Despite what you may have heard on Fox News, Piketty is no Marxist; he's concerned not with how inequality is created but in describing it once it exists. He avoids any class-based assessment of the relationships between workers and the owners of capital. He looks at how inequality is manifested through a maldistribution of income, but not of power.
It follows that Piketty’s solution to the yawning chasm between the haves and have-nots is a global tax on wealth—a top-down, wonkish prescription aimed at readjusting inequalities that have already been generated.
He’s a little vague about how this might be enacted. “Access to better data,” Piketty offers, “can influence political debate and perhaps push the process in a direction more favorable to the general interest.”
Well, maybe. But as a historian, I’m hard-pressed to think of an instance when “access to better data” brought about significant social change.
Hard-Fought Gains
A different answer can be found in Piketty’s first chapter, when a recent South African miners’ strike and the 1886 Haymarket “riot” in Chicago get fleeting mentions.
These are about the only references to popular movements we get. So when Piketty examines the exceptionally egalitarian 20th century, he focuses largely on leveling effects brought about by the destruction of wealth. He acknowledges that public policies were also crucial, but provides scant detail about what they entailed or how they came to be adopted.
But think about the achievements from the last century that boosted living standards for the American working class: the progressive income tax, minimum wage and maximum hours laws, public education, civil rights legislation, unemployment compensation, and Social Security, for starters.
These were not gifts from on high, but hard-fought gains—secured through struggle waged, often over generations, from below. They were concessions wrested from the privileged by ordinary Americans whose power came through solidarity.

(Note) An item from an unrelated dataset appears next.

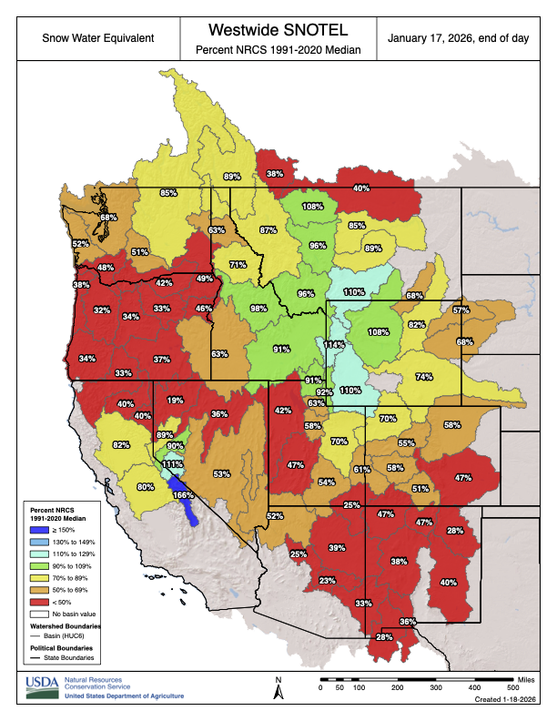 Colorado’s snowpack levels remain meager so far this winter season, with little moisture in the near-term local forecast in a year when water managers can scarcely afford a poor spring runoff season due to low storage levels downstream in Lake Powell. The state’s snowpack stood at 63% of median as of Tuesday, according to the federal Natural Resources Conservation Service. Levels range from 76-77% in some basins in far-northern Colorado to 58% in the Colorado River headwaters and just 50% in the Arkansas River basin. The Gunnison River Basin is at 63% of median.

The essential victory was the right to organize. That’s what propelled the unprecedented wage and benefit gains of the post-World War II era, affording working people in vast numbers their first semblance of financial security.
When workers bargain collectively, they can affect the distribution of wealth at its source. That’s more effective than attempting to recoup what they’re entitled to once it’s already in the boss’s pocket and out the door.
It’s no mere coincidence that what Piketty calls the “explosion” of inequality in the U.S. since 1980 coincided with the destruction of organized labor. The first required the second.
No Movie
That’s why a movie version is doubtful. The book doesn’t depict how ordinary people act in concert to improve their circumstances. No actors, no film.
Too bad. Haymarket anarchist August Spies, for one, could have been worked in. “The ground is on fire upon which you stand,” Spies told the industrialists who’d engineered his death sentence. “Here you will tread upon a spark, but there, and there, and behind you and in front of you, and everywhere, flames will blaze up. It is a subterranean fire. You cannot put it out.”
So by all means read Capital in the 21st Century, and invoke its powerful statistics on inequality. (You can see them all here, or in a condensed version here.) But when you’re talking solutions, let the pundits parse the data. Stay focused on power instead.
The most straightforward means to a more equal society is a vigorous labor movement. Piketty fails to note that the Haymarket affair was connected to a general strike, involving hundreds of thousands of workers across the country, for the eight-hour day.
We need a flame like that to blaze up again.
Toni Gilpin is an educator and labor historian, and co-author of On Strike for Respect: The Clerical and Technical Workers’ Strike at Yale University, 1984-85.